== MATERIAL FOR THE TASK ==
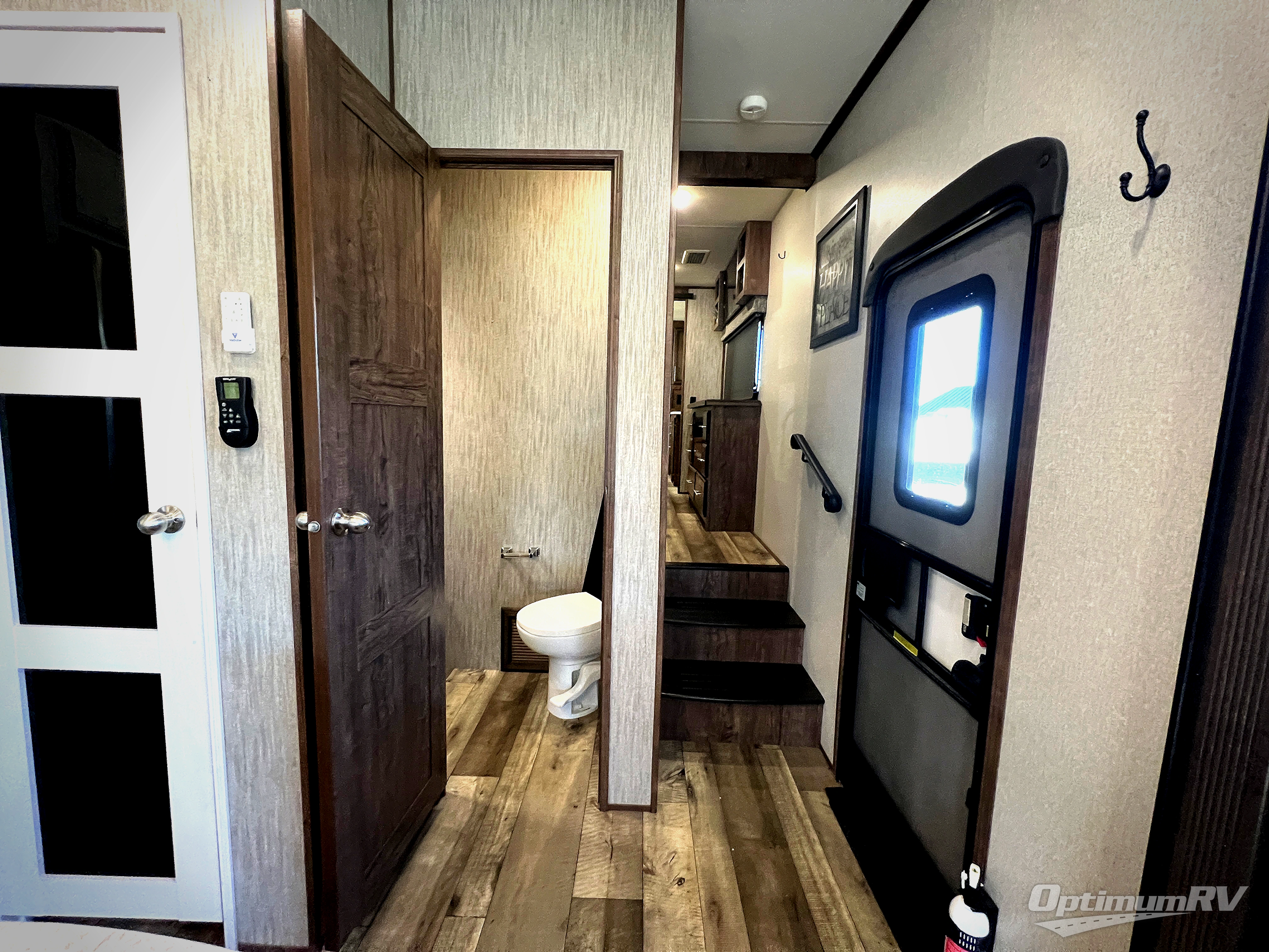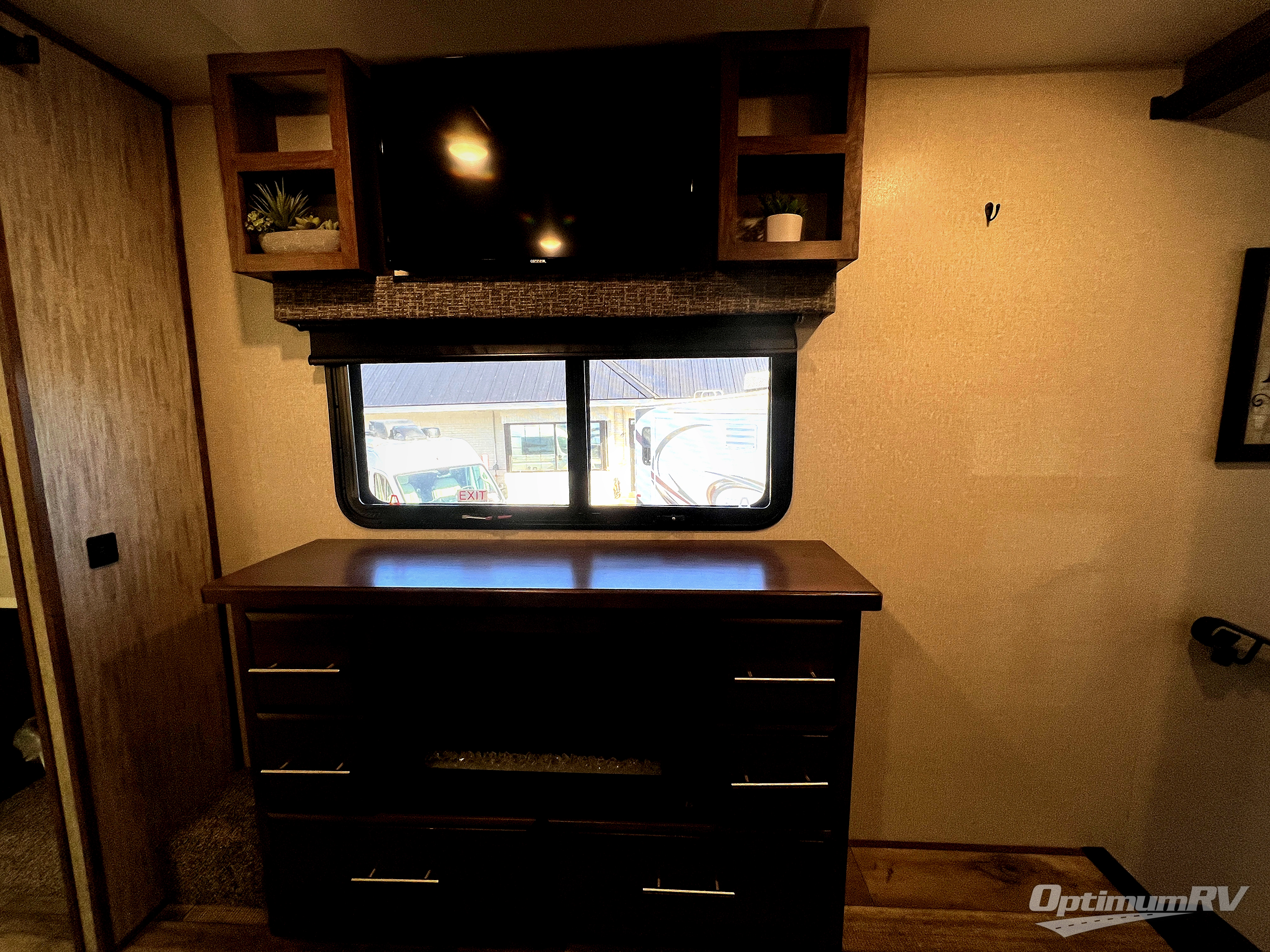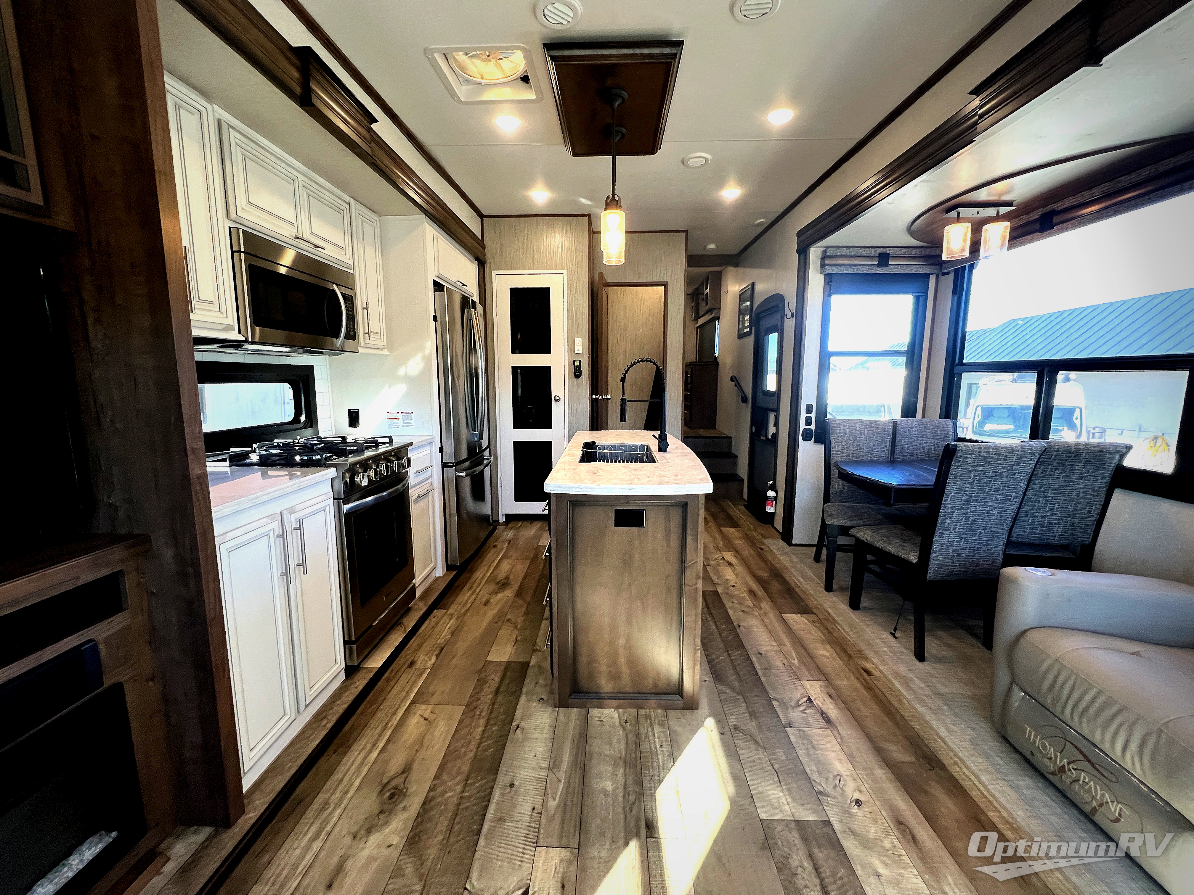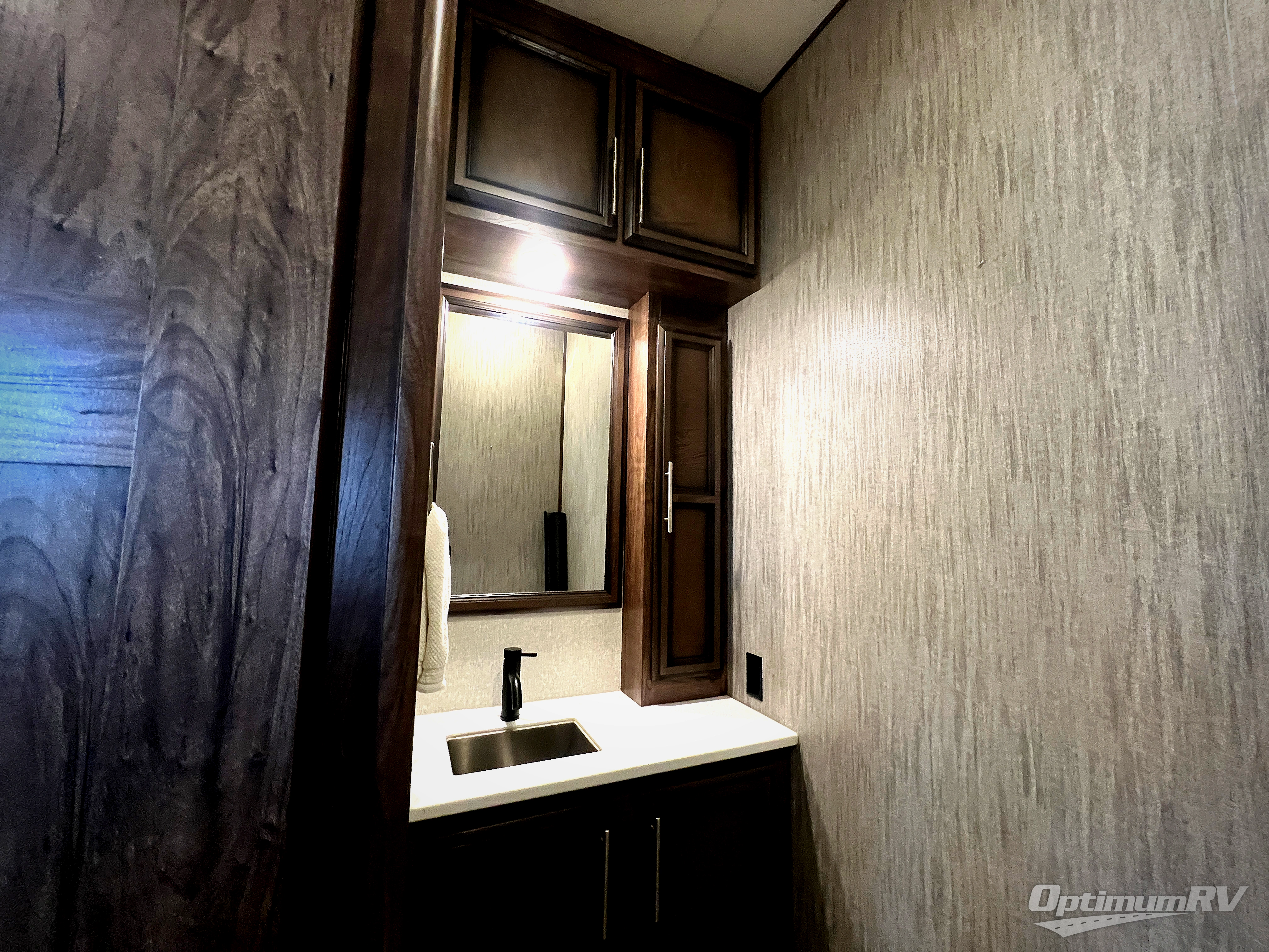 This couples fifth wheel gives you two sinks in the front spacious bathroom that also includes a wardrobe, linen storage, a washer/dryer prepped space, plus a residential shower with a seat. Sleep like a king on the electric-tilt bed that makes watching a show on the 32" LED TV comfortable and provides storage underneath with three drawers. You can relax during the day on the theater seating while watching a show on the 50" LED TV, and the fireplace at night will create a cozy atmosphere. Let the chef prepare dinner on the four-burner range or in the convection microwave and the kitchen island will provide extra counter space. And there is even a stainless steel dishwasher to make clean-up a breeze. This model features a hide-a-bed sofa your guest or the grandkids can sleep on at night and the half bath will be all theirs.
===
== MATERIAL FOR THE TASK ==
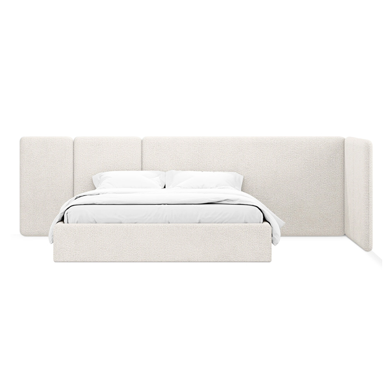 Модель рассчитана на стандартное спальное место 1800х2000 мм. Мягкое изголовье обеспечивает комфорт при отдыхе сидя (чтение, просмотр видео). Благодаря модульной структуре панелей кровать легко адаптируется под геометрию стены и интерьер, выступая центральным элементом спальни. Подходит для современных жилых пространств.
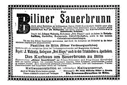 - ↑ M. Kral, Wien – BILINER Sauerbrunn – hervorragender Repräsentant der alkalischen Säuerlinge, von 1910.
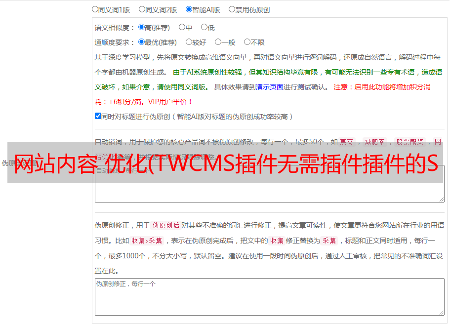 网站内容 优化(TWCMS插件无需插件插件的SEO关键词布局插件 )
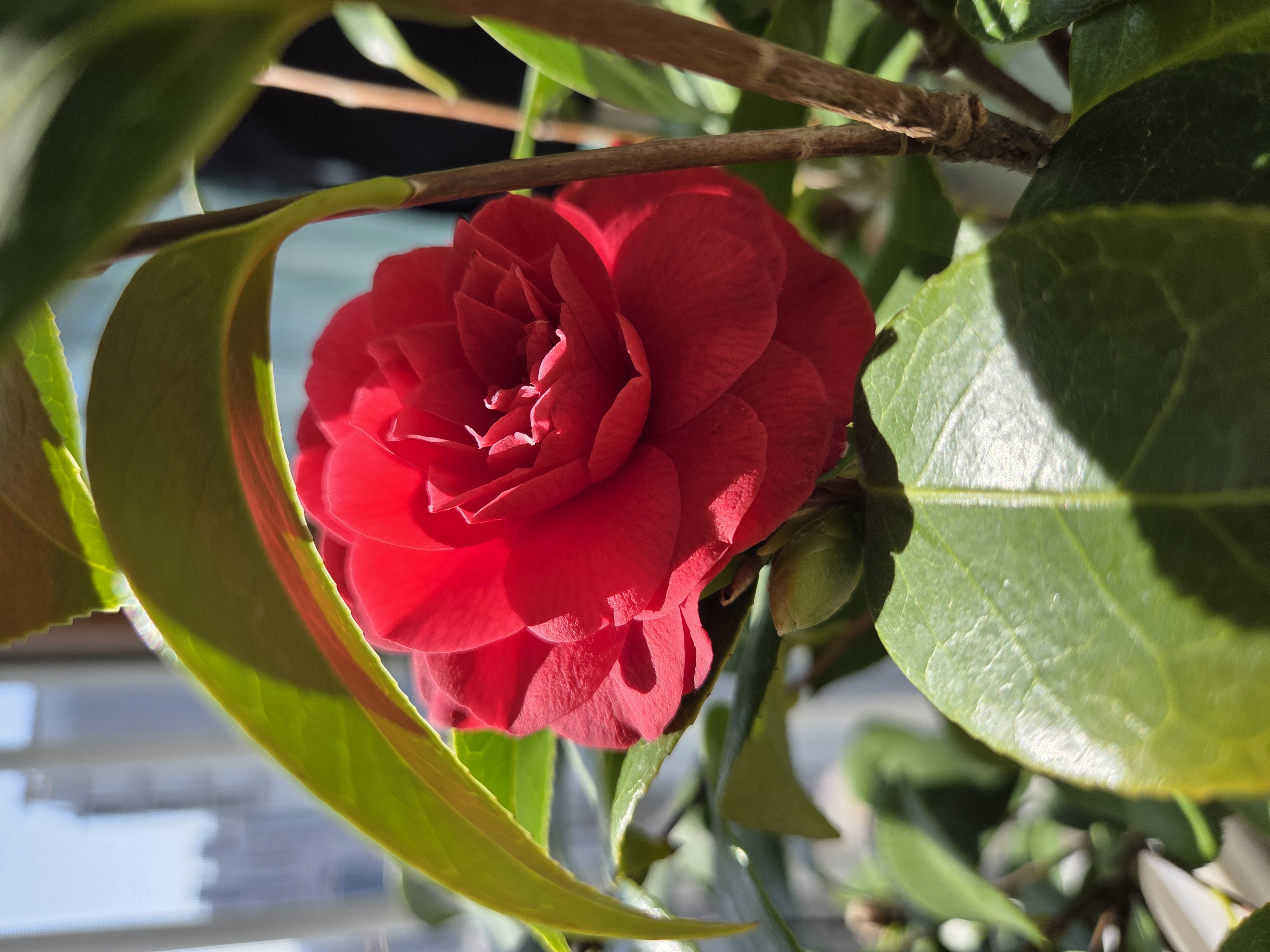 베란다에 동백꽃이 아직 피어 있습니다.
===
== MATERIAL FOR THE TASK ==
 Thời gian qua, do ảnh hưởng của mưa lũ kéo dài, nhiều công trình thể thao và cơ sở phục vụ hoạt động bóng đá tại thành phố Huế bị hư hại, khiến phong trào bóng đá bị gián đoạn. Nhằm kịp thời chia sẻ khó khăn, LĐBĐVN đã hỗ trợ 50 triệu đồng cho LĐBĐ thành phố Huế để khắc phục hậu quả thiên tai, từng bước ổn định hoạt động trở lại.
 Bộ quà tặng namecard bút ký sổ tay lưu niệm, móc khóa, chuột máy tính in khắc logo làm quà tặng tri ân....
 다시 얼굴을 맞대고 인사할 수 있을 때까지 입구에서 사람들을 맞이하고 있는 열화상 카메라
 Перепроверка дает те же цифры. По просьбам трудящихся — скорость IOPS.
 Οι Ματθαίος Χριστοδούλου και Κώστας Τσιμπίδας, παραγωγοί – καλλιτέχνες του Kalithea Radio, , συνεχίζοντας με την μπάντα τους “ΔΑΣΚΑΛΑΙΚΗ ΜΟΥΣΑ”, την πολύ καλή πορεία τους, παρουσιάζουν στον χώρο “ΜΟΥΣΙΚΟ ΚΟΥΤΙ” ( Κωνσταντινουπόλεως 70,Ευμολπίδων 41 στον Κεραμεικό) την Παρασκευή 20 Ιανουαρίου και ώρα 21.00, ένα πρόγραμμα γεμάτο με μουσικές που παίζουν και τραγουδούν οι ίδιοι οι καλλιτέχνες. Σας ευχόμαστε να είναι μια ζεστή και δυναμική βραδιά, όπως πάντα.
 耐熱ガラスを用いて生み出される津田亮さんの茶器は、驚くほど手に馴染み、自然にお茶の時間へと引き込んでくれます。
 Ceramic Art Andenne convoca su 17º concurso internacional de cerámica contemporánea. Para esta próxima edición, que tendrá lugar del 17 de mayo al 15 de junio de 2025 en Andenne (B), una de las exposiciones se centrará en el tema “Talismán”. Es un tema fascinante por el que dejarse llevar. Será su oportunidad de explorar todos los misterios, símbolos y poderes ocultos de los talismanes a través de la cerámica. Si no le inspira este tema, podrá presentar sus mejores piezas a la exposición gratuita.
===
### WHAT NEEDS TO BE DONE
Return only the lines between the one holding "Thời gian qua, do" and the one holding "Οι Ματθαίος Χριστοδούλου", inclusive, exactly as they appear above.

### TASK ANSWER
 Thời gian qua, do ảnh hưởng của mưa lũ kéo dài, nhiều công trình thể thao và cơ sở phục vụ hoạt động bóng đá tại thành phố Huế bị hư hại, khiến phong trào bóng đá bị gián đoạn. Nhằm kịp thời chia sẻ khó khăn, LĐBĐVN đã hỗ trợ 50 triệu đồng cho LĐBĐ thành phố Huế để khắc phục hậu quả thiên tai, từng bước ổn định hoạt động trở lại.
 Bộ quà tặng namecard bút ký sổ tay lưu niệm, móc khóa, chuột máy tính in khắc logo làm quà tặng tri ân....
 다시 얼굴을 맞대고 인사할 수 있을 때까지 입구에서 사람들을 맞이하고 있는 열화상 카메라
 Перепроверка дает те же цифры. По просьбам трудящихся — скорость IOPS.
 Οι Ματθαίος Χριστοδούλου και Κώστας Τσιμπίδας, παραγωγοί – καλλιτέχνες του Kalithea Radio, , συνεχίζοντας με την μπάντα τους “ΔΑΣΚΑΛΑΙΚΗ ΜΟΥΣΑ”, την πολύ καλή πορεία τους, παρουσιάζουν στον χώρο “ΜΟΥΣΙΚΟ ΚΟΥΤΙ” ( Κωνσταντινουπόλεως 70,Ευμολπίδων 41 στον Κεραμεικό) την Παρασκευή 20 Ιανουαρίου και ώρα 21.00, ένα πρόγραμμα γεμάτο με μουσικές που παίζουν και τραγουδούν οι ίδιοι οι καλλιτέχνες. Σας ευχόμαστε να είναι μια ζεστή και δυναμική βραδιά, όπως πάντα.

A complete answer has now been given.